Die Behandlung erfolgte mit pflanzlichen Mono- oder unterschiedlichen Kombinationspräparaten in Form von Tropfen oder Tees, in Kombination bzw. im Vergleich mit Lactobacillus-Stämmen (n=1), Simeticon (n=1) bzw. mit Massage (n=1).

Als Zielparameter wurden die Dauer von Wein-/ Schreianfällen, kolikartige Beschwerden sowie die Anzahl an nächtlichen Wachphasen erfasst.

Einfluss auf Wein-/Schreiattacken

Die Behandlung mit Fenchel hatte bereits nach einwöchiger Anwendung einen signifikanten Einfluss auf die Dauer der Wein-/Schreiattacken; Pfefferminze reduzierte die tägliche Kolikdauer deutlich stärker als Simeticon.

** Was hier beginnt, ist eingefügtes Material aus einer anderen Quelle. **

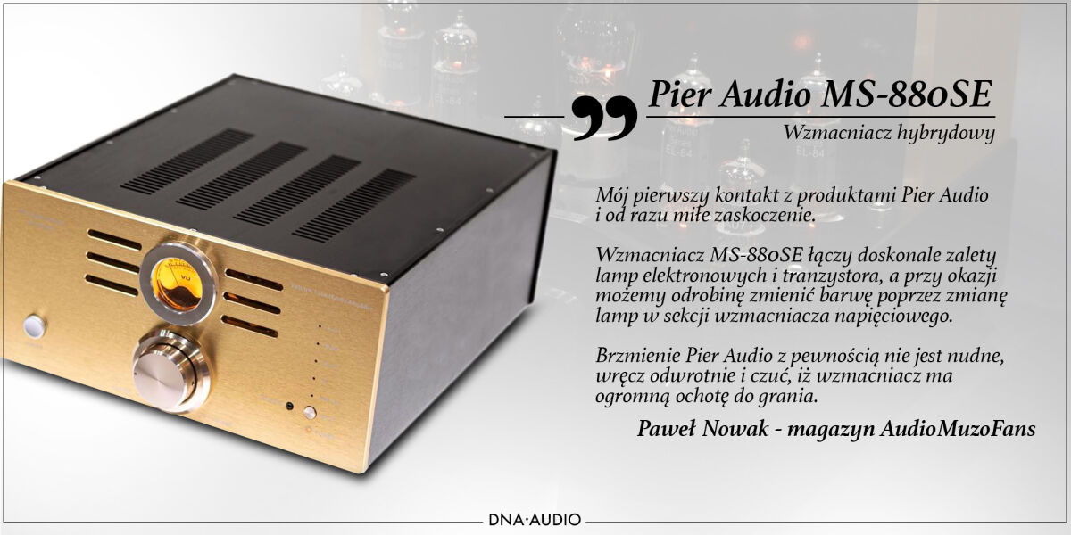 Mój pierwszy kontakt z produktami Pier Audio i od razu miłe zaskoczenie. Wzmacniacz MS-880 SE łączy doskonale zalety lamp elektronowych i tranzystora, a przy okazji możemy odrobinę zmienić barwę poprzez zmianę lamp w sekcji wzmacniacza napięciowego. Brzmienie Pier Audio z pewnością nie jest nudne, wręcz odwrotnie i czuć, iż wzmacniacz ma ogromną ochotę do grania. Dużą zaletą są tony średnie przepełnione muzykalnością, a gdy dodamy łatwość kreowania przestrzeni, mamy coś miłego na długie godziny słuchania bez zmęczenia. Doskonale sprawdza się w muzyce klasycznej i ciężkim brzmieniu, wszystko mieści się w harmonii i spójności przekazu, a poszczególne zakresy pasma są pieczołowicie i precyzyjnie zszyte. Jest jeszcze coś - otóż doskonale sprawdzi się z zespołami głośnikowymi, ale tymi ciut za jasno grającymi.
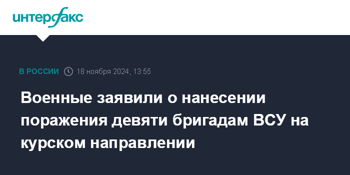 Москва. 18 ноября. INTERFAX.RU - Войска группировки "Север" на курском направлении за сутки нанесли поражение формированиям девяти украинских бригад, сообщает министерство обороны РФ в понедельник.
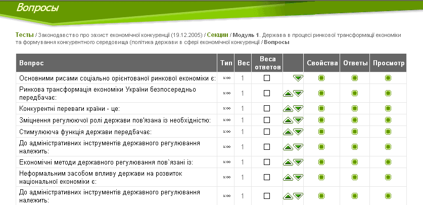Уведені питання по кожній секції відображаються у вікні “Вопросы”, як це показано на Рис. 7:
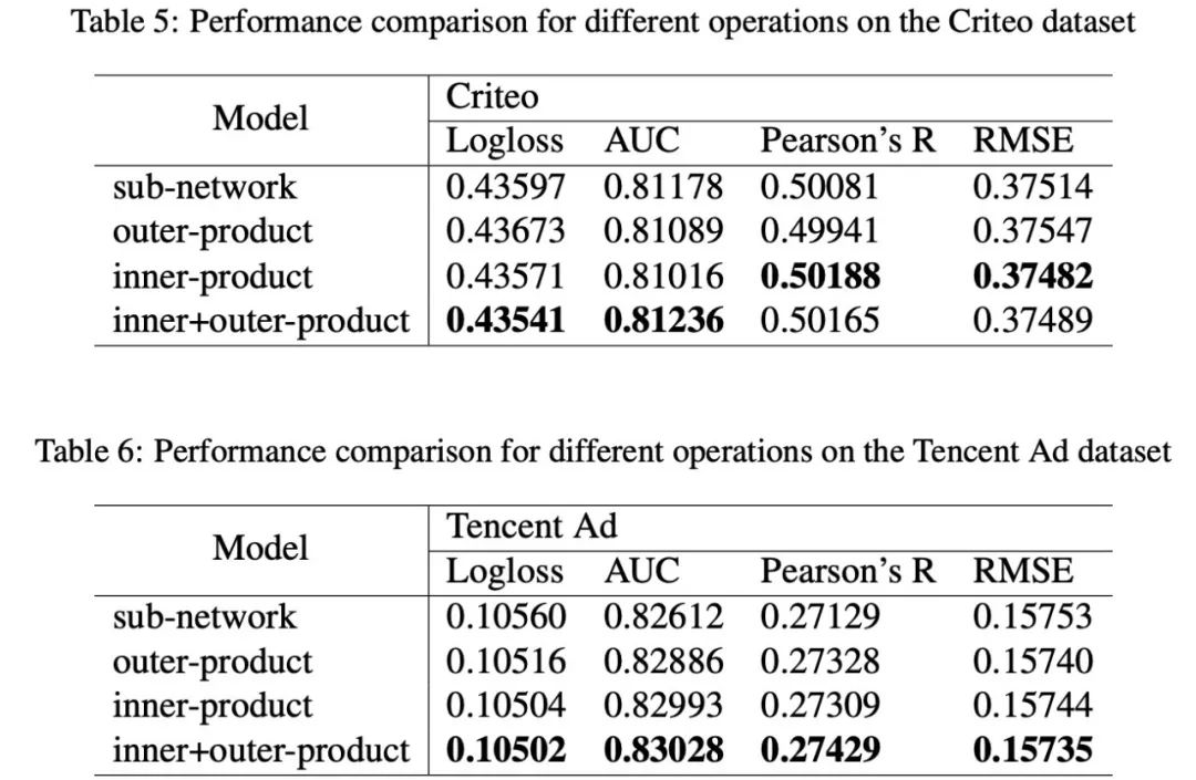 内积操作的效果是好于外积的,内积和外积的组合可以提升模型的效果。
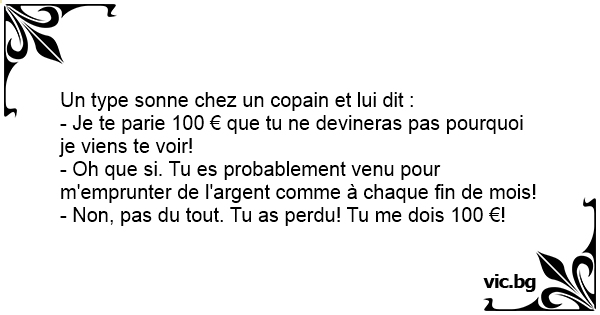 - Non, pas du tout. Tu as perdu! Tu me dois 100 €!
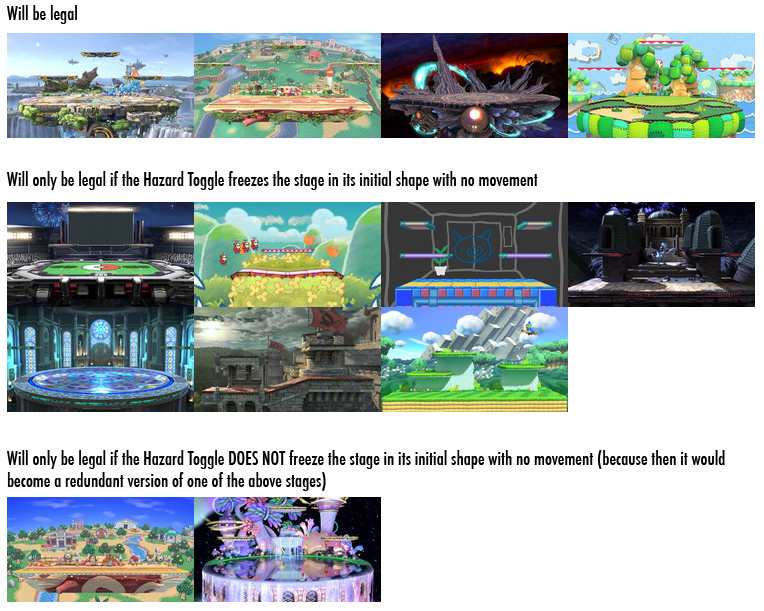 Regarding the bottom row: I am very confident that high-end 1000+ player tournaments will NOT permit the error-prone ritual of turning hazard toggle on and off whenever you pick those two stages, instead of just removing them outright.
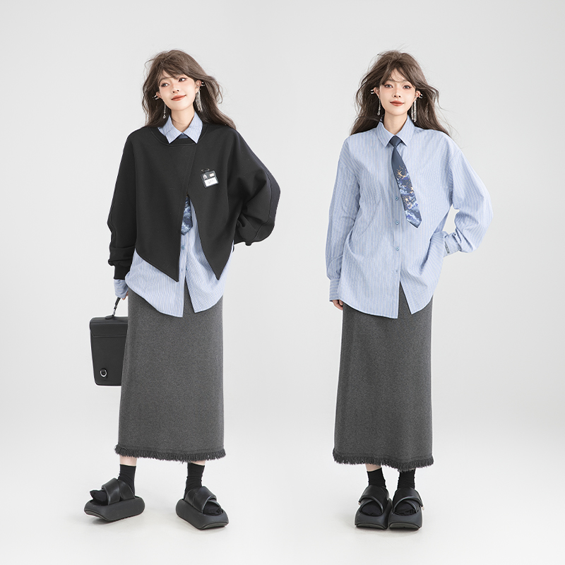 KEIKO 色织蓝色条纹长袖衬衫女25早秋新款轻法风穿搭宽松休闲衬衣
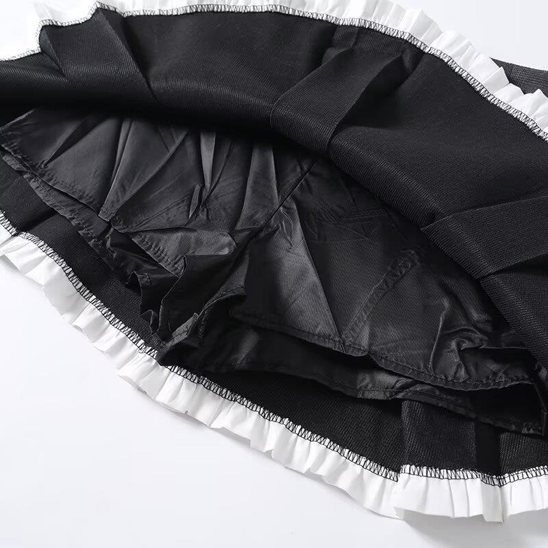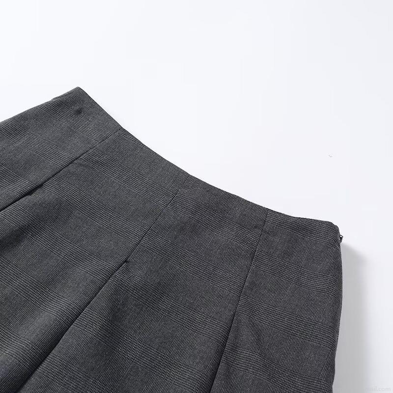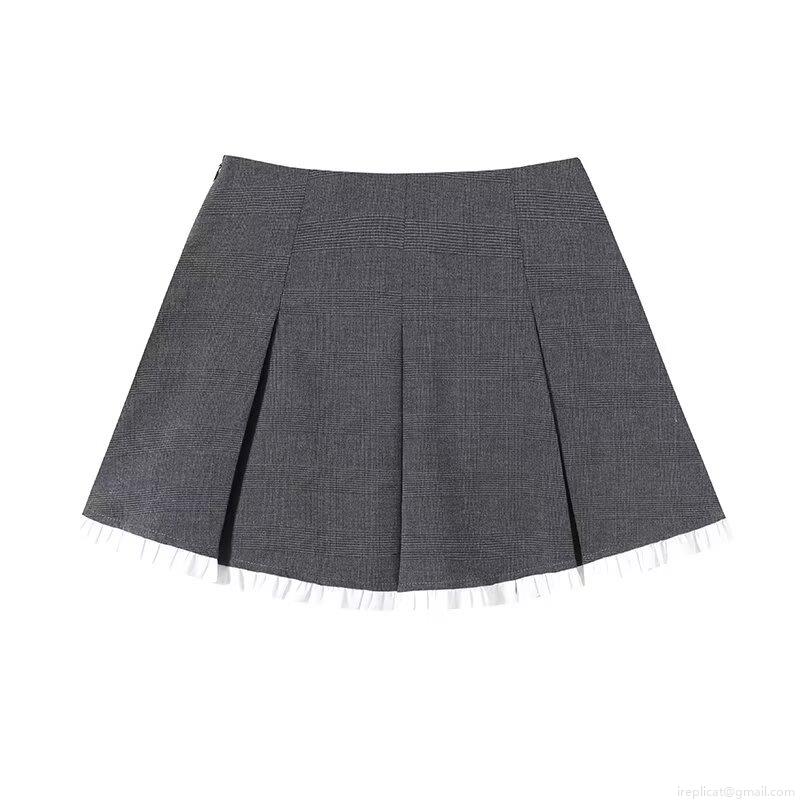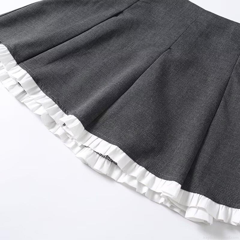 • Women's High Waist Grey Plaid Pleated Mini Skirt With White Ruffle Hem And Built-In Safety Shorts Casual Preppy A-Line Skirt For Ladies
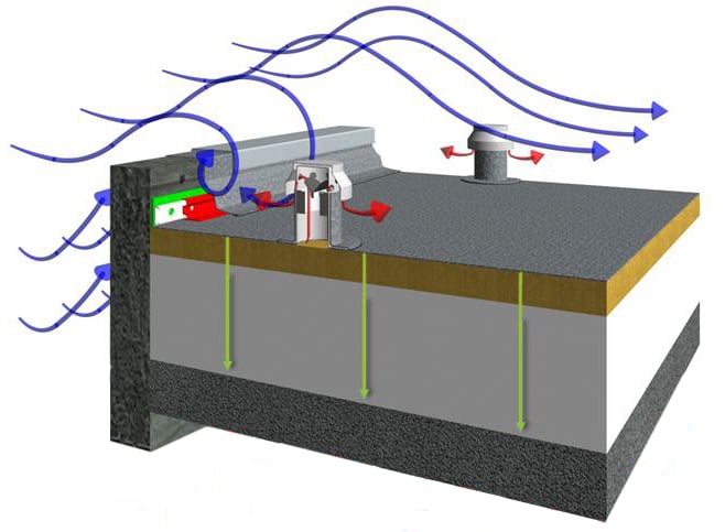 Vindkraften skaber en vakuum-effekt, der suger membranen fast på tagstrukturen. Jo stærkere vinden er, jo bedre fungerer systemet.
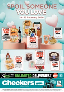 UNLIMITED DELIVERIES!* MONTHLY SUBSCRIPTION R99 ONLY PER MONTH *R350 minimum spend. T&Cs apply. Click here to download the app SPOIL SOMEONE 9 - 15 February 2026 WCFOCLDTJI/E_REV1 NO ALCOHOL MAY BE SOLD TO PERSONS UNDER THE AGE OF 18. FREE! DINNER FOR 2 OFFERS VALID FROM MONDAY 09/02/2026 UNTIL SUNDAY 15/02/2026. PRICES APPLY TO CHECKERS & CHECKERS HYPER STORES WESTERN CAPE, EXCEPT BEAUFORT WEST, GEORGE, KNYSNA, MOSSEL BAY, OUDTSHOORN & PLETTENBERG BAY. WINE ONLY AVAILABLE AT STORES WITH WINE DEPARTMENTS. LIQUOR ONLY AVAILABLE AT STORES WITH A VALID LIQUOR LICENCE. ALCOHOL FOR SALE ON SUNDAYS AT SELECTED STORES ONLY. WE RESERVE THE RIGHT TO LIMIT QUANTITIES. NO TRADERS PLEASE. ERRORS & OMISSIONS EXCEPTED (E&OE). SELECTED ITEMS MAY NOT BE AVAILABLE AT CERTAIN STORES. WHILE STOCKS LAST. CUSTOMER CARE LINE 0800 01 07 09 (TOLL-FREE). XTRA SAVINGS SUPPORT LINE 0800 33 33 85 (TOLL-FREE). Bella Vita Fresh Pizza All Variants & 750ml Roodeberg Classic Blend Red Wine WITH CARD BUY BOTH & SAVE R40 500g The Kitchen Golden/Traditional Syrup Each & 8 per pack The Bakery Flapjacks/30 per pack Mini Flapjacks Each WITH CARD BUY BOTH & SAVE 20% 450g/500g Simply Great Side Salad & 1kg Bella Vita Pasta & 450g Gourmade Malva/Sticky Toffee Pudding All Variants WITH CARD BUY ALL 3 & SAVE 20% The Bakery Chocolate Mousse Cake WITH CARD 9999 SAVE R20 700g BUY 1 x The Bakery Mini Bar-One/ Celebration Cake Each & GET 2 x 42g Nestlé Bar-One Chocolate Bar FREE! SAVE R22 DEAL FREE WITH CARD 250g Foodie! Pasta & 200g Foodie! Fresh Sauce All Variants WITH CARD 9999 SAVE R30 BOTH FOR
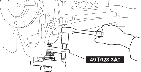 1. Disconnect the front lower arm ball joint from the steering knuckle using the SST.
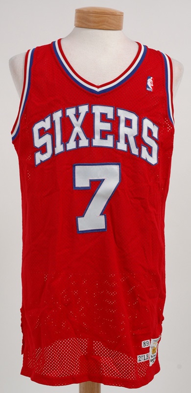 Sixers' 1980s jersey in the style made famous by Dr. J and Big Mo is from '89-90 season and was worn by scrub forward Lanard Copeland, who played in 23 games (3.2 ppg) before he was gone and his name unceremoniously removed from the back so it could be used by other players. Traces of the name can be clearly made out on the back. Red road mesh baby is tagged "89" and has "Sixers" on front and "7" on front and back in blue/white tackle twill. Sand-Knit/Official 76ers tag and "2 MLB" label on front tail. Moderate use.
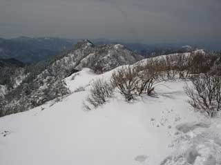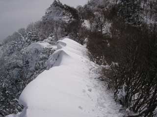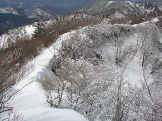 石堂山へ向けて縦走開始 急な雪面を 雪庇に注意しながら 下る。 雪が多い。
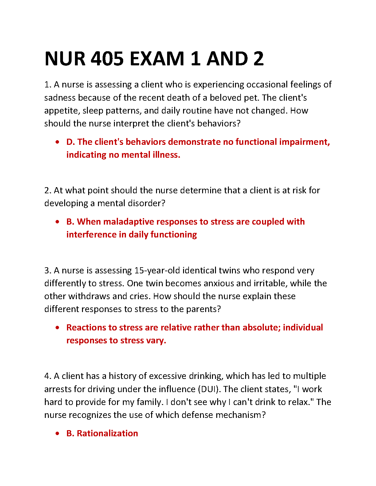Conquer your NUR 405 exams on the first try! This comprehensive study guide covers key concepts from Exam 1 and Exam 2, helping you master the material and avoid resits. Prepare effectively for the 2024/2025 academic year with this essential resource.

Die Verträglichkeit der pflanzlichen Präparate war sehr gut.

Zwar gehen die Autoren trotz der unterschiedlichen Therapieansätze nur von einer geringen, nicht signifikanten Heterogenität der vorliegenden Studien aus. Dennoch werden für gezielte Therapieempfehlungen weitere Studien von guter Qualität benötigt.